Мы опять идем маршем.
* * *
Это марш смерти, от Маутхаузена до Гунскирхена. Самое короткое расстояние, которое нас заставляли проходить, но мы так обессилели, что из двух тысяч в марше выживет только сотня. Мы с Магдой держимся друг за друга, твердо решив оставаться вместе и держаться на ногах. Каждый час по сотне девочек падает в канавы с обеих сторон дороги. Они слишком слабы или больны, чтобы продолжать идти, и их убивают на месте. Мы словно головка облетевшего одуванчика, семена которого разнес ветер, оставив лишь несколько белых пучков. Единственное, что во мне осталось, – это голод.

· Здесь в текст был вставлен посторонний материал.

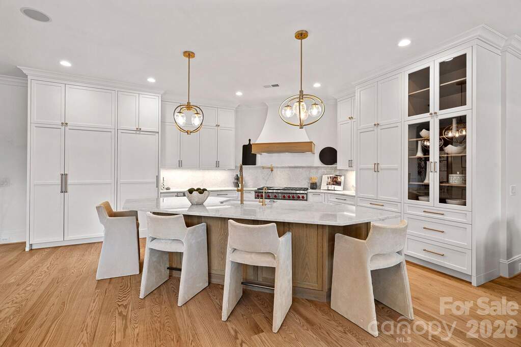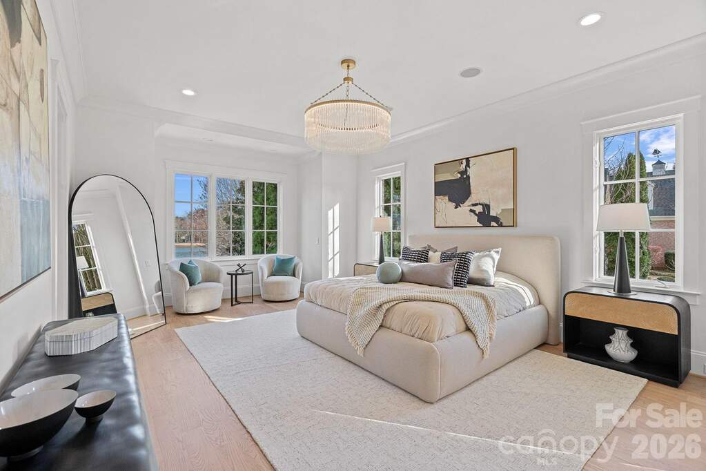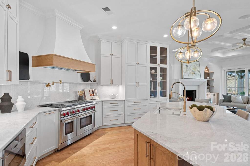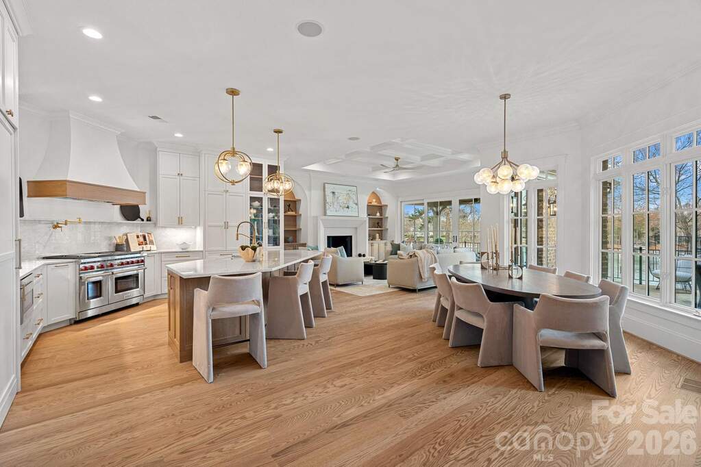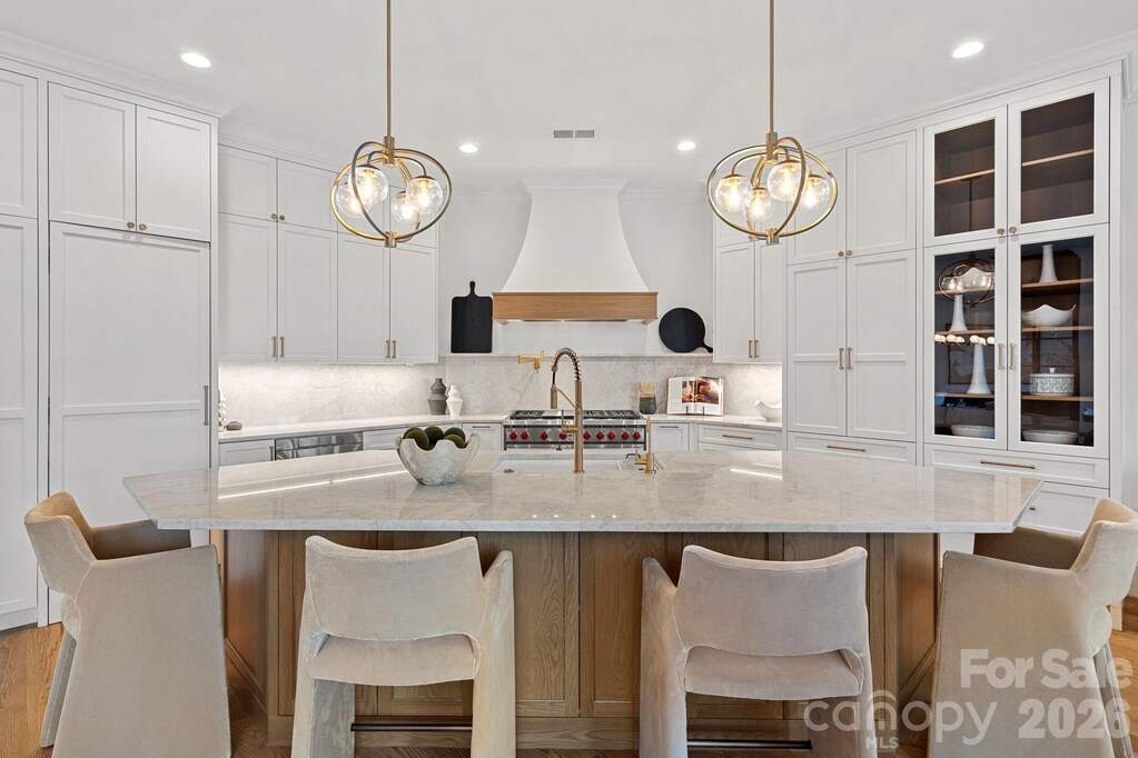 Witness the ultimate transformation of waterfront living in this four-bedroom estate that lives as a five-bedroom, all with en suites. Masterfully reconstructed by Cypress Builders in 2026, no original detail was left untouched in this premier estate. Located in a highly sought-after neighborhood at The Point, every inch of this property has been reimagined with high-end designer finishes by award winning Michelle McKoy Designs. The exterior sets a sophisticated tone with a fresh exterior palette, leading to a modern Optima iron double front door. The renovation integrated state-of-the-art systems throughout, including 2 NEW furnaces, NEW whole house humidifier, 2 NEW water heaters and more, ensuring the home functions as flawlessly as it looks. The main level is a masterclass in modern luxury, anchored by new 5-inch oak hardwood flooring and a grand staircase featuring modern iron balusters and a high end sputnik chandelier. The chef's kitchen serves as the heart of the home, boasting floor-to-ceiling custom cabinetry, Taj Mahal Quartzite countertops with matching backsplash, and a massive white oak island anchored by chic global pendants. This culinary space is equipped with professional-grade Sub-Zero and Wolf appliances, including a commercial 48-inch gas range and a hidden Scullery featuring Miraggio Cove quartz counters, stylish floor to ceiling cabinets, an icemaker, beverage refrigerator and a second dishwasher. The open-concept flow continues into a surround-sound wired great room featuring illuminated white oak arched built-ins, a bespoke mantle surrounding the fireplace, and a stone-covered balcony offering sweeping lake views through large sliding doors. The primary wing is a private sanctuary, featuring a spacious suite with a Maxim LED ring chandelier and direct access to the exterior stone patio. A true retreat, the ensuite offers radiant heated tile floors, dual white oak vanities, and a palatial glass shower. A sleek soaking tub anchored by an artfully tiled feature wall creates a designer focal point, leading into a massive custom closet that features a private laundry area and is beautifully illuminated by a designer chandelier. Functionality meets style in the secondary spaces, including a dedicated dog wash room with stylish tile and a full drop zone area. The upper level expands the living space with three additional ensuite bedrooms-each featuring stylish lighting, custom vanities and curated tile work-alongside a media room and an upper-level laundry suite. This media room is professionally wired with full surround sound speakers and features a leathered granite wet bar and beverage refrigerator for effortless entertaining. The lake level is designed for high-end entertaining, featuring a lounge that leads to an executive office clad in custom walnut paneling and an aged brass Sputnik lighting fixture. The heart of this level is a massive, open-concept space that seamlessly integrates a billiard area, a wine room, and a family room wired for surround sound with a modern gas fireplace. Serving this entire area is a secondary kitchen with Miraggio Cove quartz counters, custom cabinetry, and stainless appliances including a beverage fridge, ice maker, dishwasher, and microwave drawer. A serving window and door provide easy access to the covered patio and pool deck. Completing the lake level is a flex space/guest suite offering lake views, a walk-in closet, and a full bath with a herringbone-tiled shower and frameless glass door. Two expansive storage areas provide ample space for lakeside essentials. The transition to the outdoors is seamless, leading to a massive patio with a heated inground pool and spa with new equipment and flagstone coping. The property's lakeside amenities are unparalleled, featuring a private composite dock with a seating area, boat lift, dual jet ski ramps, and a stacked stone seawall with a lakeside fire pit, all situated on a wide, picturesque cove.

Все тело болит; все тело немеет. Еще один шаг, который я уже не могу сделать. Боль такая, что я не чувствую своих движений. Я вся – цепь боли, сигнал, циркулирующий от себя и обратно к себе. Даже не замечаю, что оступаюсь, пока не чувствую, как руки Магды и других девочек меня поднимают. Они переплели пальцы и удержали меня в этой живой люльке.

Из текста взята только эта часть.